The last chapter in the long-running First Leaside Securities Inc. scandal has come to a close with the formal termination of the firm’s membership in the Investment Industry Regulatory Organization of Canada (IIROC), after 10 years in suspension.
An IIROC hearing panel approved a motion expelling First Leaside from the self-regulatory organization on Sept. 16. The firm had been suspended by IIROC since February 2012, after it entered receivership.
The formal expulsion order noted that the firm’s receivership proceedings are now complete as is the distribution of its assets to creditors and investors.
The firm went into receivership after running into regulatory issues involving a capital shortfall at the firm amid regulators’ concerns about the business and its dealings with investors.

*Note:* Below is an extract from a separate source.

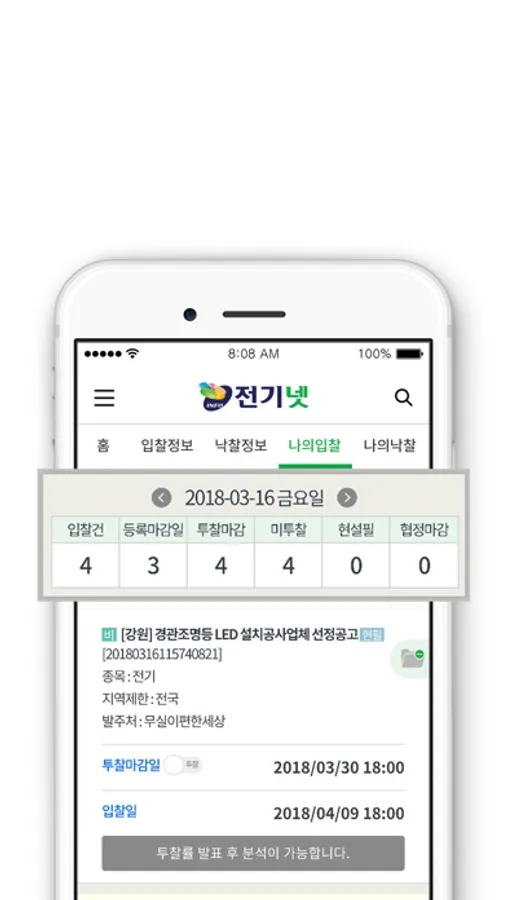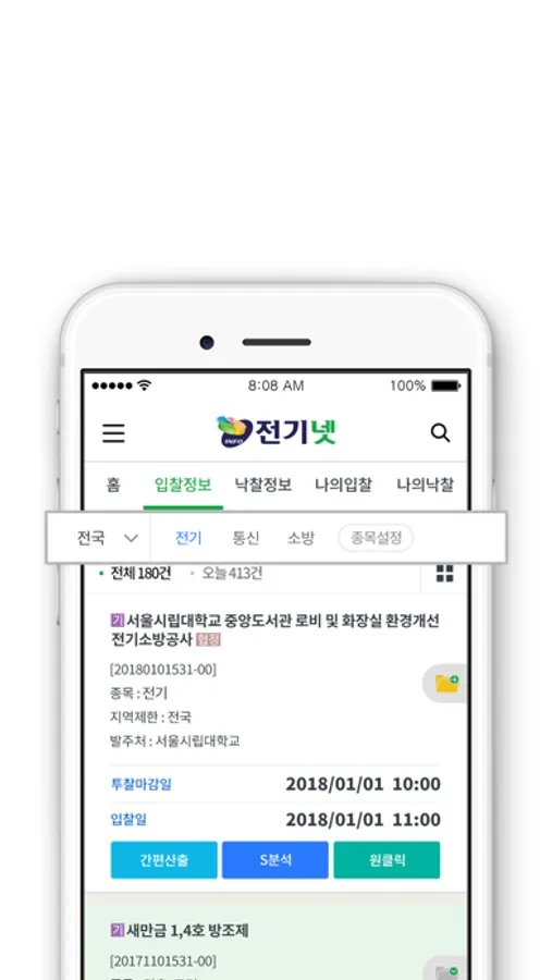 빠르고 편리해진 전기넷 앱으로 낙찰에 더 가까워지세요.
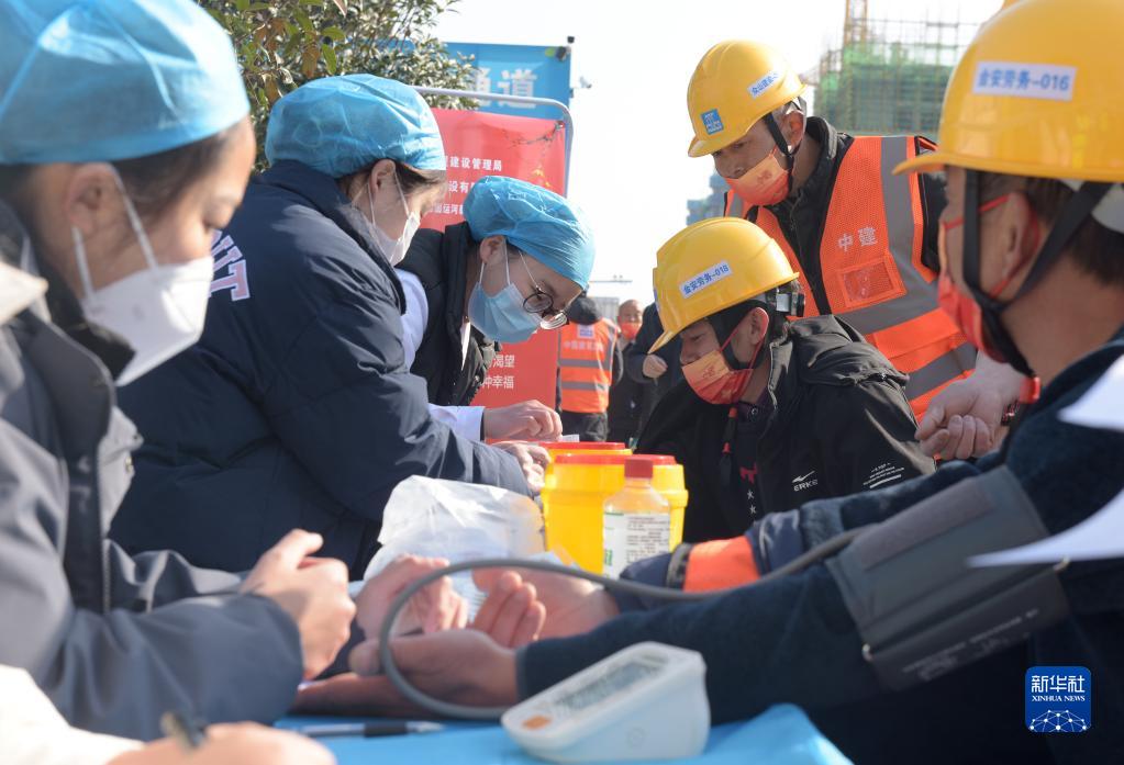 1月16日,医护人员为即将返乡的中建四局六公司的工人进行健康体检。

IIROC staff “is satisfied that there are no developments that make the termination of [First Leaside’s] membership contrary to the interests of [First Leaside’s] former clients and does not believe that any new client claims will be received,” the hearing panel said.
In 2013, IIROC permanently banned the firm’s two top executives — David Phillips and John Wilson. It also fined Phillips $2 million, fined Wilson $500,000 and ordered them to pay $230,000 in costs after finding they violated IIROC’s rules by misleading investors into buying the firm’s risky exempt products.
Phillips was also banned and ordered to pay $9.5 million in penalties and disgorgement by the Ontario Securities Commission (OSC), and Wilson was fined $400,000.
They appealed the OSC’s findings in court, but the regulator’s decision was upheld in a decision of the Superior Court of Justice in 2016.